On the 24th of January more than 1.5 million people took part in a General Strike and in the demonstrations held in the main cities of Argentina. It was the first time that such a mobilisation took place just 45 days since the new government came into office. The 24 Enero [January] general strike garnered national and meaningful international support: solidarity statements were sent from the main global unions and confederations, and demonstrations were held in Spain, France, Brazil, Uruguay, and Mexico, among others. The strike was organised by a broad array of organisations and groups. Feminist groups, human rights organisations, cultural workers, tenants’ unions, and political parties (from the left grouped in the Left Workers Front FIT-U, to factions of traditional Peronist and Radical parties) joined the labour confederations (General Labour Confederation, CGT, and both factions of the Argentinian Labour Central, CTA- A and CTA-T), and the Popular Economy and “piquetero” movement to show massive rejection of the Decree and the Law the government intends to pass. Amongst the participants were the Madres de Plaza de Mayo, an organisation created during the last dictatorship (1976-83) to represent the mothers of people disappeared by the Junta Militar. Their presence on the stage in Buenos Aires alongside the general secretaries of the Truckers and Health Workers’ Unions raised the popular demands of Memory, Truth and Justice, in the face of a government whose main figures have repeatedly supported the dictatorship.1
The broad coalition that organised the strike is responding to the offensive launched by Javier Milei’s far-right government over popular living conditions, and social, labour, feminist, and environmental rights. The new government intends to implement labour and pension systems ‘reforms’, deregulate economic activity, privatise public companies, and shrink the state through massive redundancies, the closure of essential ministries and public organisations and brutal austerity in areas such as culture, education, health, science, and social policies.They argue that this is necessary to control inflation and reduce the fiscal deficit, thereby meeting the goals set by the International Monetary Fund.

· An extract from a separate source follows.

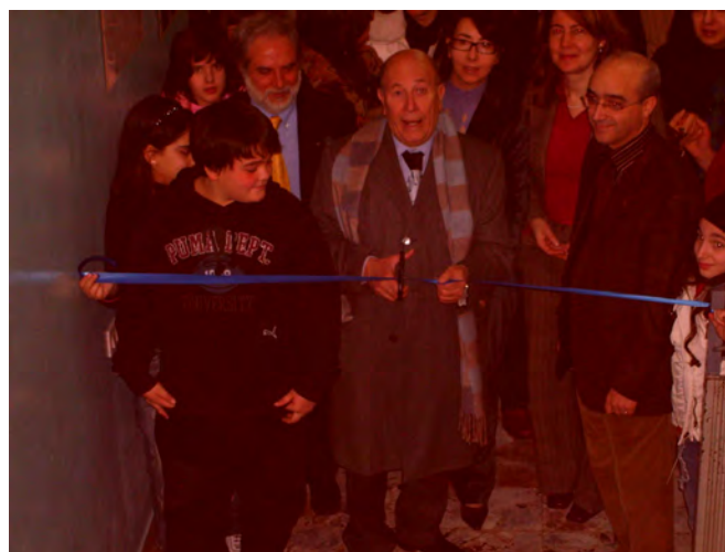
L'inaugurazione della manifestazione con il sindaco e i dirigenti scolastici.

In sum, this far-right government aims not only to implement austerity and a macroeconomic stabilisation on the capitalists’ terms but also for a complete socio-economic national restructuring by implementing an economic ultra-liberal, and politically conservative, authoritarian program. Their program systematically favours capital, and seeks to strike a hard blow on the working people whilst shifting the balance of social power in favour of the big capitalist firms. These measures would produce a brutal transfer of income upwards and the deepening of an extractivist economic matrix. This can only be achieved by disciplining and punishing working people through authoritarian policies and by eliminating the rights historically won by the labour movement, the feminist movement, human rights organisations and other groups.
Economic restructuring and repression: the government launched a war against the working class
As soon as it took office, the government imposed a 118% devaluation of the Argentine Peso and the deregulation of all prices. This dealt a heavy blow to the pockets of workers, pensioners, and the middle class. These initial decisions spurred inflationary dynamics (the monthly inflation rate reached 25% in December and is likely to remain at this level in the coming months) and a catastrophic fall in popular real incomes. Public workers’ wages, pensions, and social programs were frozen, and wage increases achieved by collective bargaining were liquidated (except for a few sectors that had negotiated indexation clauses.)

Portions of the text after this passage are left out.